§ **Task description**: Repeat the listing verbatim. Drop any pictures.

§ **Data provided**:
◆ ◆ ◆ ◆ ◆ ◆ ◆

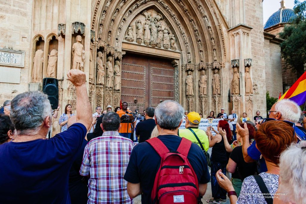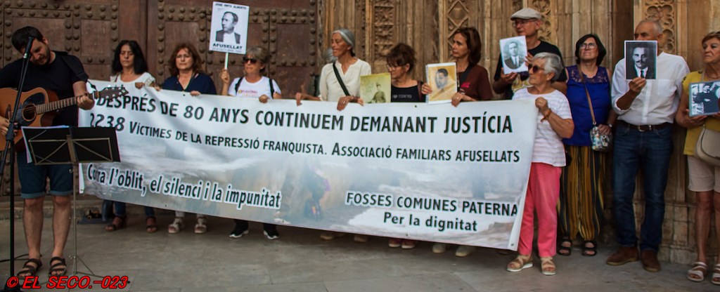 El 30 de junio, nos unimos mas de 30 asociaciones memorialistas, sociales, sindicatos y organizaciones políticas, en la Plaza de la Virgen de València, para dejar constancia de que no estamos dispuestos a aceptar ni un paso atrás en materia de memoria democrática. Ha costado mucho tiempo, esfuerzo, sufrimiento dar algunos pasos, abrir fosas y recuperar nombres y relatos silenciados. No podemos permitir desandar este camino, no vamos a retroceder porque ya rompimos el muro de olvido y de silencio.
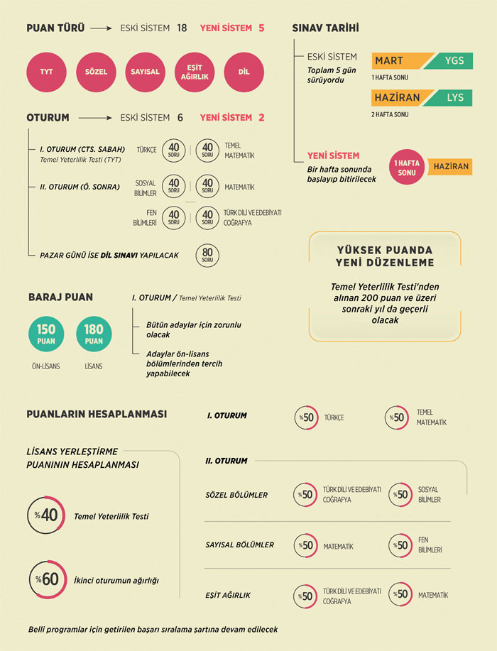 - Lisans puan türünde ise 4 puan türü esas alınacak. Sözel sayısal eşit ağırlık ve dil. Temel yeterlilik testinin ağırlığı yüzde 40 olacaktır.
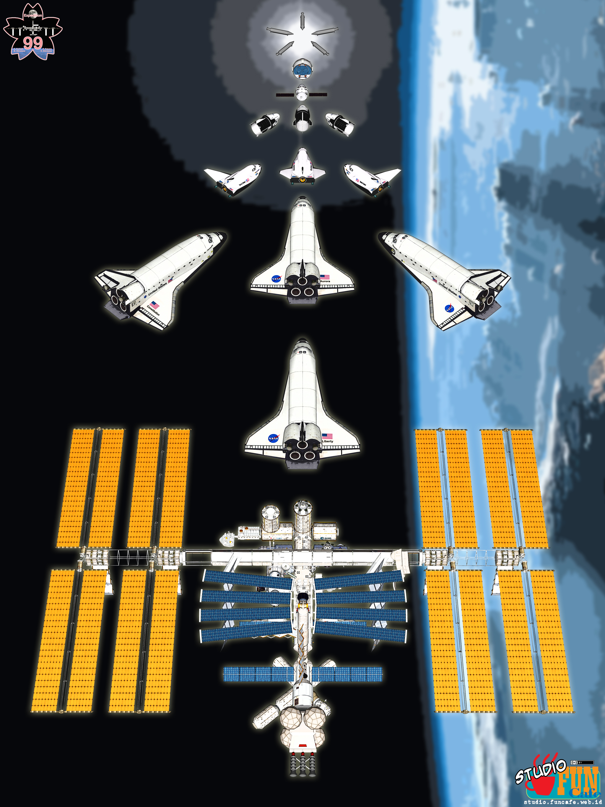 Alternate Christmas greeting card design, made from all spaceships of Expedition 99: Neo-ISS, Neo-Shuttle, Dream Chaser, Crew Dragon, Orel and Starliner.
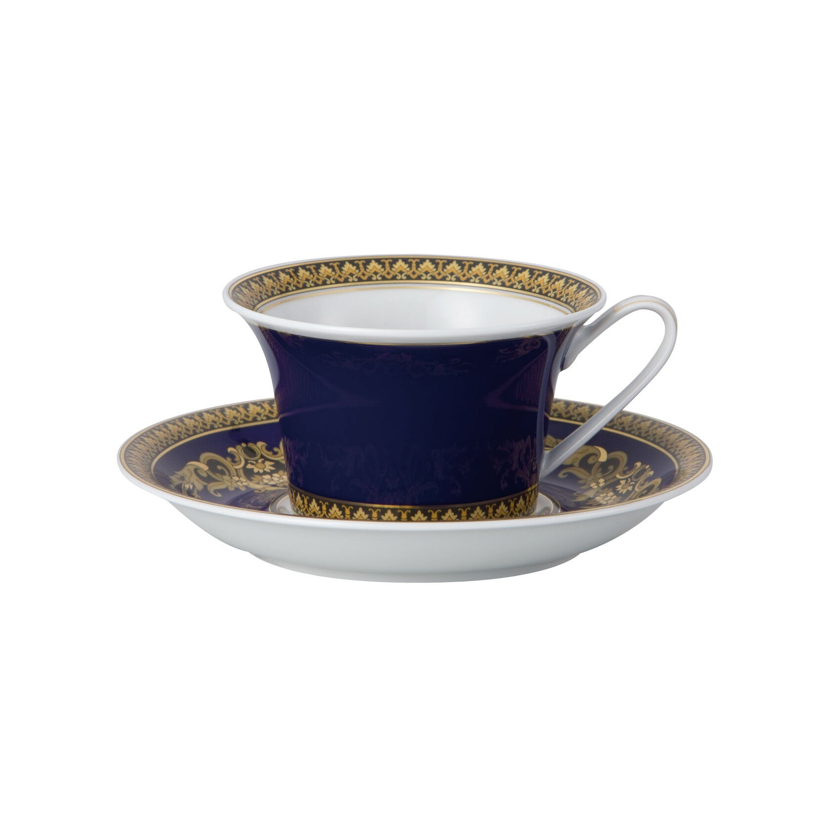 美杜莎蓝茶杯和茶碟采用优质瓷器制成,带有金色巴洛克装饰。

◆ ◆ ◆ ◆ ◆ ◆ ◆

§ **Response to this task**:
 El 30 de junio, nos unimos mas de 30 asociaciones memorialistas, sociales, sindicatos y organizaciones políticas, en la Plaza de la Virgen de València, para dejar constancia de que no estamos dispuestos a aceptar ni un paso atrás en materia de memoria democrática. Ha costado mucho tiempo, esfuerzo, sufrimiento dar algunos pasos, abrir fosas y recuperar nombres y relatos silenciados. No podemos permitir desandar este camino, no vamos a retroceder porque ya rompimos el muro de olvido y de silencio.
 - Lisans puan türünde ise 4 puan türü esas alınacak. Sözel sayısal eşit ağırlık ve dil. Temel yeterlilik testinin ağırlığı yüzde 40 olacaktır.
 Alternate Christmas greeting card design, made from all spaceships of Expedition 99: Neo-ISS, Neo-Shuttle, Dream Chaser, Crew Dragon, Orel and Starliner.
 美杜莎蓝茶杯和茶碟采用优质瓷器制成,带有金色巴洛克装饰。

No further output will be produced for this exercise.